Section 66 (1) states that if during the CIRP or liquidation process the business of the CD has been conducted with an intent to defraud the creditors or for any other fraudulent purpose then the RP himself must apply to the NCLT for rectification under this section. The contradiction that arises is that if the RP/Liquidator himself is in charge of conducting the business of the CD during CIRP or liquidation then how can any other person but the RP himself be responsible for fraud? If the responsibility to handle the operations and conduct of the CD during the CIRP or liquidation is with the RP then how can fraud arise if not for either negligence or involvement of the RP in the fraud? What situations are there that can lead to fraud in the business of the CD during the CIRP or liquidation otherwise?
Furthermore, how can only the RP bring such application? Assuming the RP is responsible or contributing to the fraud, should the creditors not be allowed to voice their concerns through channels other than the RP himself? Such questions are to be deeply considered in the author’s opinion.
Moving on beyond the above mentioned point, 66 (1) implies that persons entering into transaction should have had knowledge that there is no reasonable prospect of repayment of debt. Thus, the features of fraudulent trading can be summarized as follows:
- Dishonest Intention- proving this is very subjective to the facts and circumstances of the case.
- Any persons- any persons includes not only insiders such as employees, directors, partners but extends to include fraud on behalf on any 3rd party e.g. creditors, corporate persons etc.
- Liability to personally contribute by such persons- to the extent ‘deemed fit’ by the NCLT. This also can raise questions as to how is the Tribunal supposed to determine what level of personal contribution is fit or not?

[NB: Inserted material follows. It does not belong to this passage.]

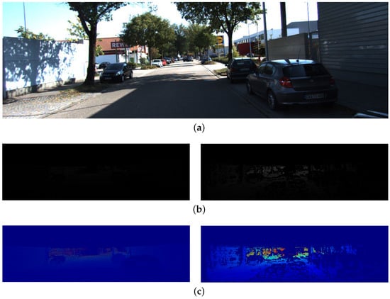Currently, LiDAR is a widely used hardware device among the depth information collection methods. LiDAR calculates the distance of an object by emitting a laser beam and measuring its return time. Compared with other sensors, LiDAR has high precision and can provide reliable depth information. However, LiDAR has some limitations, the most prominent of which is the sparsity of the data due to the sampling nature of this method. The point cloud of the LiDAR, which emits 64 beams, are projected into the camera’s coordinate system, and the depth information accounts for about 5% of the total pixels [2]. In practical applications, the point cloud data collected using LiDAR are usually very limited and do not provide a complete pixel-level depth map.

- No defined look-back period- this allows involved parties to be held liable for acts committed even prior to liquidation that are within ‘look-back’ period. Look back period is provided for undervalued transactions but is not specified here so as to ensure a strict standard of liability for the fraudsters.

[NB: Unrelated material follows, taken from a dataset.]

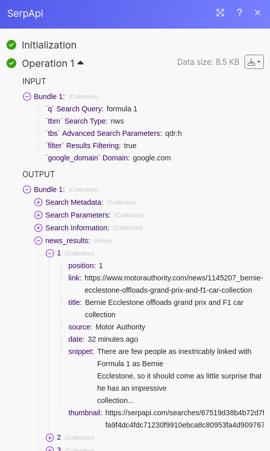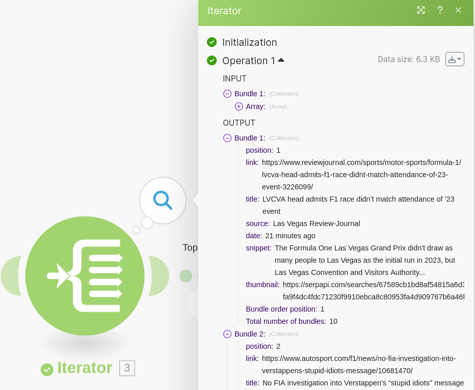 Check the SerpApi Module's output. You should see a single Bundle with a news_results array containing 10 news articles.

Wrongful trading is different than fraud in that it restricts the imposition of liability only on the director or partner of the CD. The liability accrues on the director or partner when:
a. The director or partner knew or ought to have known that insolvency proceedings were impending AND
b. Did not take reasonable steps to mitigate the loss to the creditors of the CD in light of having or having to have known such fact.
Basically, the director or partner had to exercise due diligence in minimizing the potential loss to creditors of the CD. Thus, unlike fraud, the presence of dishonest intention is not material as even negligence on part of the directors or partners suffices to attract liability.
Under this section, directors have to ensure no further debts are incurred by the company in twilight period and also ensure that subsequent revival and rehabilitation measures are promptly taken. The twilight period is the period between when directors know or ought to have known that insolvency is forthcoming and when the process is actually initiated. Directors are expected to take positive action to mitigate creditor losses in this time and their actions being determined wrongful under 66 (2) depend solely on the actions taken during this period.
The practical difficulties that arise in this section are in determining what amounts to a director knowing? When does the twilight period begin? What amounts to exercise of due diligence? How can one ascertain if the loss has been mitigated or not?
In conclusion, fraudulent and quasi-fraudulent transactions are broad in nature and can encompass various elements within them. It is possible for a transaction to be in the nature of a preferential, undervalued and fraudulent transaction as well. Such considerations were brought about in the famous case of Anuj Jain, Interim Resolution Professional for Jaypee Infratech Limited vs. Axis Bank Limited. Thus, there are several practical hurdles, aspects and considerations that are involved in transactions of a fraudulent nature.